**Task description**
Exact transcription begins at the first line of the material below and ends with the line holding "특히 넘어지거나 바닥에"; pictures are skipped.
Recorded information below:
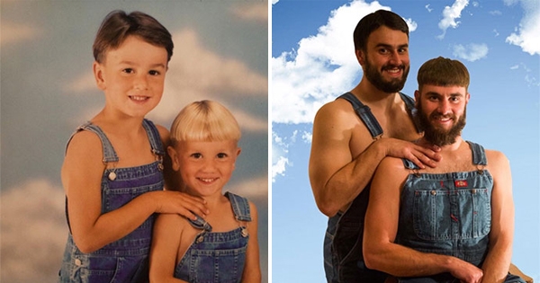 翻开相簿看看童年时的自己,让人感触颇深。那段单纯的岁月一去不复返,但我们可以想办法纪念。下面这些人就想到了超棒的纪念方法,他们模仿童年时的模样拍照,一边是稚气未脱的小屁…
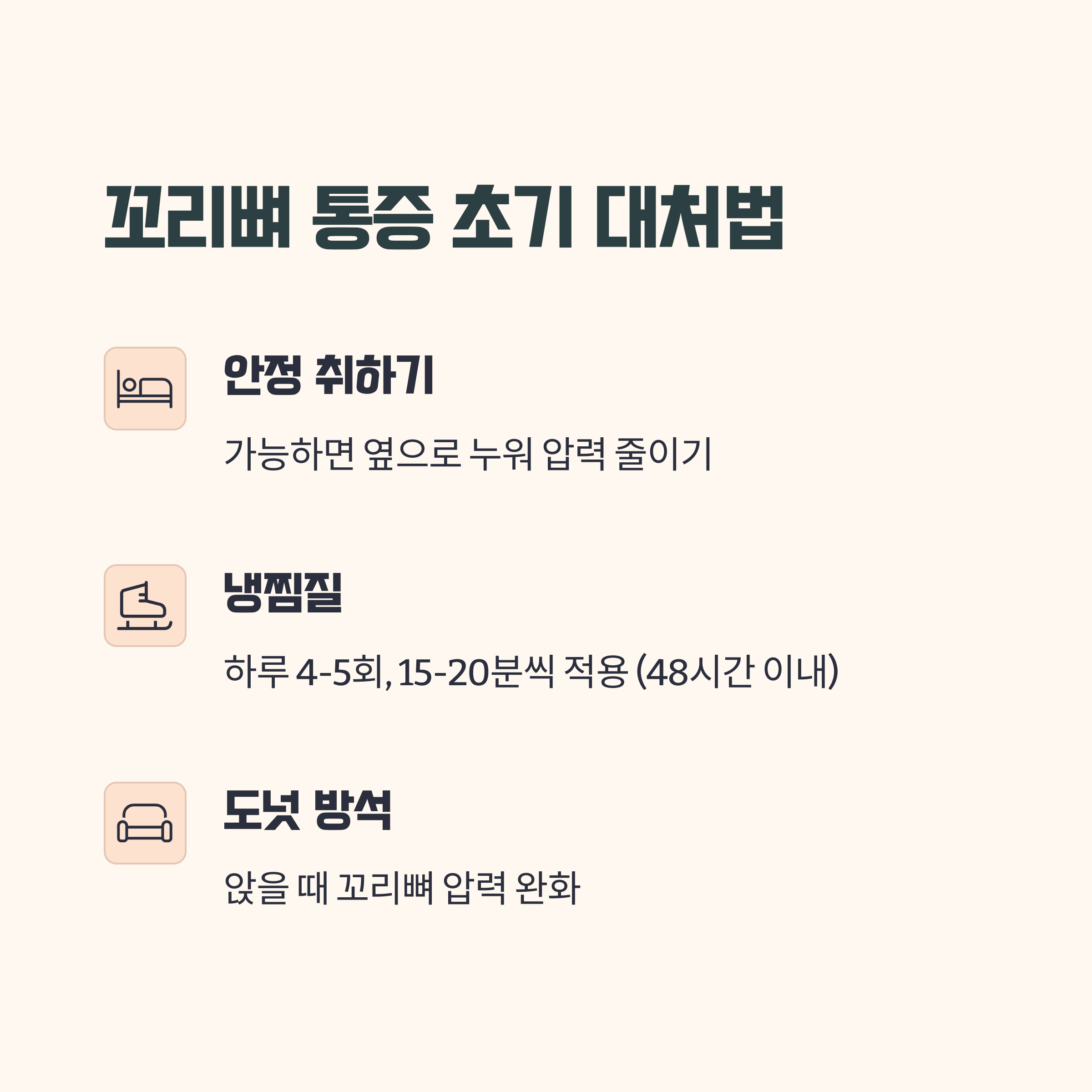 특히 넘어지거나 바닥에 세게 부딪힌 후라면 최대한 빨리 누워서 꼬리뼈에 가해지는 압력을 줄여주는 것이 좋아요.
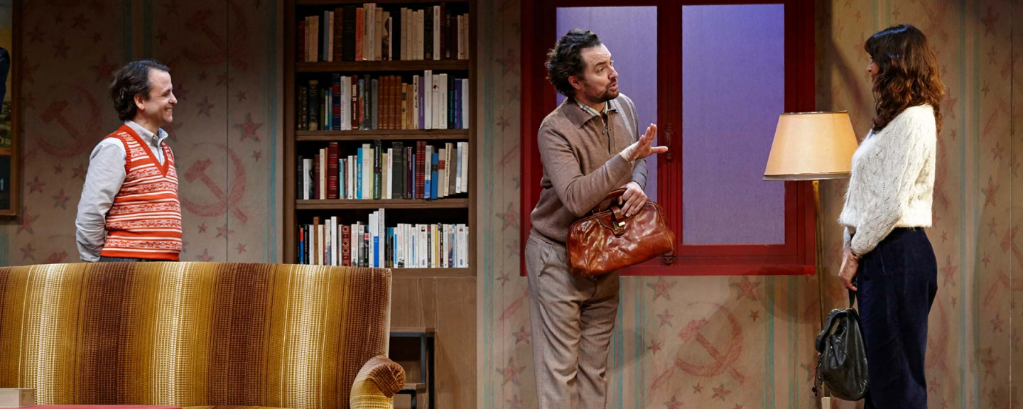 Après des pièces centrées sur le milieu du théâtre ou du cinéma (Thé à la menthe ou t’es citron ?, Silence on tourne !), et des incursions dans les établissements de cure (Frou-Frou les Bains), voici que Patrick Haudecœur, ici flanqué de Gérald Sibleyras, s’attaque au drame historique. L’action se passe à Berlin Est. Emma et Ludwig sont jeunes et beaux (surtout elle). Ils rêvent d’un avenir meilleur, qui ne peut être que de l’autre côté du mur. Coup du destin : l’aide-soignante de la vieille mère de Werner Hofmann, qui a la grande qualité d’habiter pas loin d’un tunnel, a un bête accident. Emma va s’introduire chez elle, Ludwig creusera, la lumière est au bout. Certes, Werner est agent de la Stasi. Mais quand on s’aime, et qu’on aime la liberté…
End of Recorded information.
**Task result**
 翻开相簿看看童年时的自己,让人感触颇深。那段单纯的岁月一去不复返,但我们可以想办法纪念。下面这些人就想到了超棒的纪念方法,他们模仿童年时的模样拍照,一边是稚气未脱的小屁…
 특히 넘어지거나 바닥에 세게 부딪힌 후라면 최대한 빨리 누워서 꼬리뼈에 가해지는 압력을 줄여주는 것이 좋아요.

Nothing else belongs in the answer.